What has Mr. Emmet to say of the treatment of the Irish people by the English Romanists from Henry II. down to and including the reign of Mary the First? He will scarcely find that the students of Irish history will agree with his statement.

There is another tale, legend or fact, in which, of course, a woman and her abduction from her husband, O'Roirke, Prince of Breffin, by Dermot MacMurrogh, King of Leinster, with her own consent many think, was the cause of the interposition of the English, and she is called the Irish Helen. Dermot fled to England and laid his case before the King, craving protection and swearing allegiance. Henry was too busily engaged in France to attend, but he did issue an edict offering his protection to all who might aid his trusted subject, Dermot, King of Leinster.

This aroused Richard, Earl of Chepstow, called "Strongbow," who for his assistance was to receive the hand of Dermot's daughter in marriage, and a settlement of all of that Irish King's property upon them and their children (a contract which was fulfilled), but Strongbow being tardy was anticipated by Robert Fitzstephens, who agreed to assist Dermot, and was to receive in payment the town of Wexford and adjoining lands, and he it was whose boats landed on this little beach, where the water murmurs so quietly to-night.

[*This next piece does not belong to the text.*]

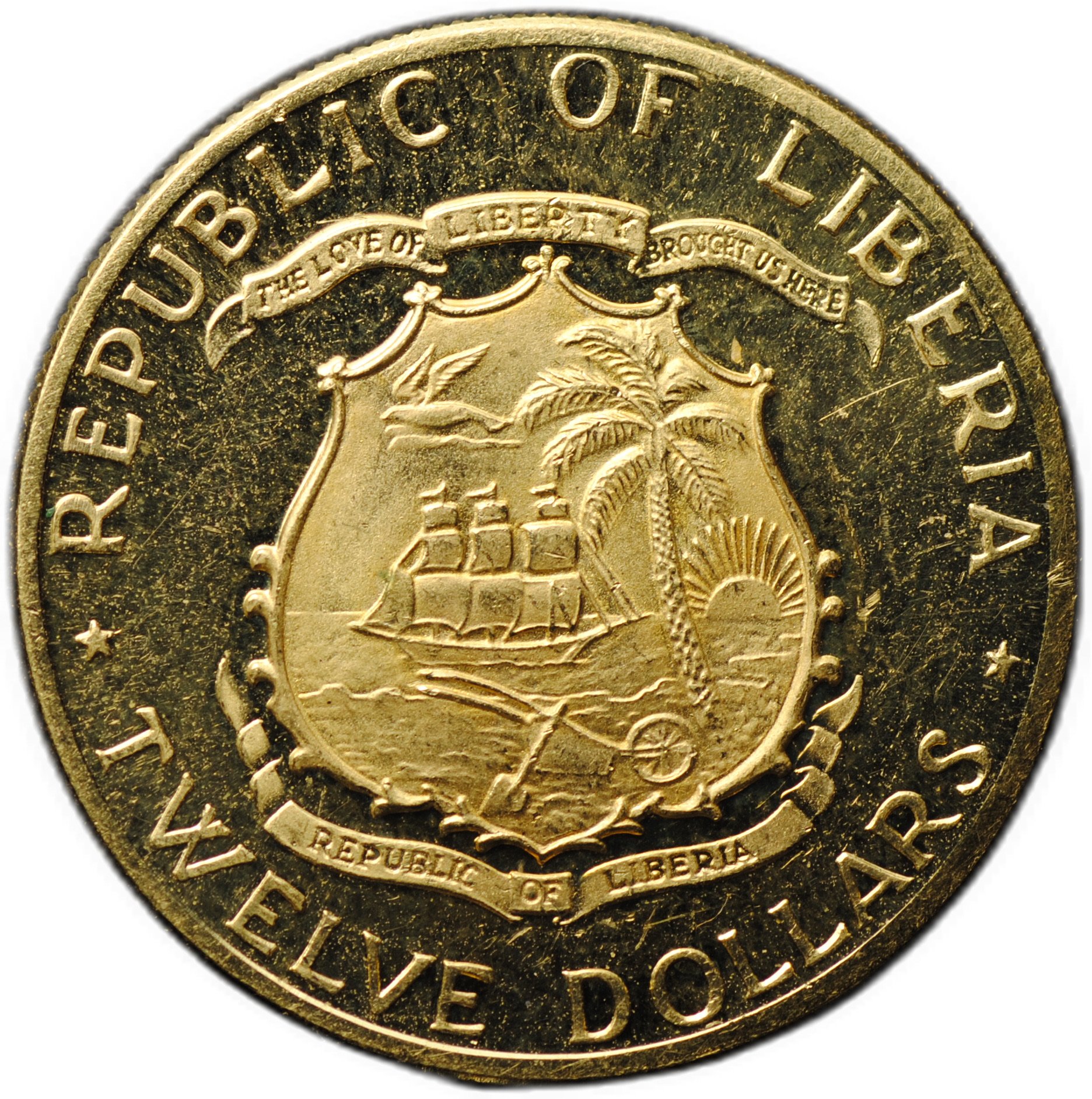 Аверс REPUBLIC OF LIBERIA THE LOVE OF LIBERTY BROUGHT US HERE REPUBLIC OF LIBERIA * TWELVE DOLLARS *

Dermot in his castle yonder at Ferns awaited the coming of these invaders, and promptly sent his natural son Donald with five hundred horse to join them, and so the game was played, and his throne restored to him.

Then came Strongbow, then Henry II. with his armies, and the English were here to stay.

Whatever the facts of the case are, it is certain that just here landed the first of the English, and from here spread their rule,—whether for good or ill is the great question of to-day in this island. There are no relics of the event, though there appear to be some earthworks which are thought of Celtic origin.

The leagues are not many which separate this cliff from Cardiganshire in Wales, and a friendly intercourse was kept up until Pope and King came together in solemn conclave.

One of that King's first acts was the bestowal of Dublin upon the "good citizens of my town of Bristol." The capital of a kingdom bestowed upon the traders of Bristol! The original of this gift is in the Record Office of Dublin castle.

Would it have been any satisfaction to those of the land which he had so oppressed to have known of the ending of this "Great King"? Dying at Chinon in a rage so terrible that even death could not smooth out the traces from his face, Henry II.'s body was plundered like the Conqueror's, and, like his, left stark naked. Shrouded at last in some cast-off garments, it was placed in its coffin, a rust-broken sceptre stuck in its hand, an old and meaningless ring of no value on its finger, while the crown on its brow was composed of a piece of gold fringe torn from a discarded robe of some court dame, who doubtless had curtsied to the ground many times before the living monarch. In such state, Henry II. was buried in the stately abbey of Fontevrault and promptly forgotten, though the wrongs he did Ireland lived on and on.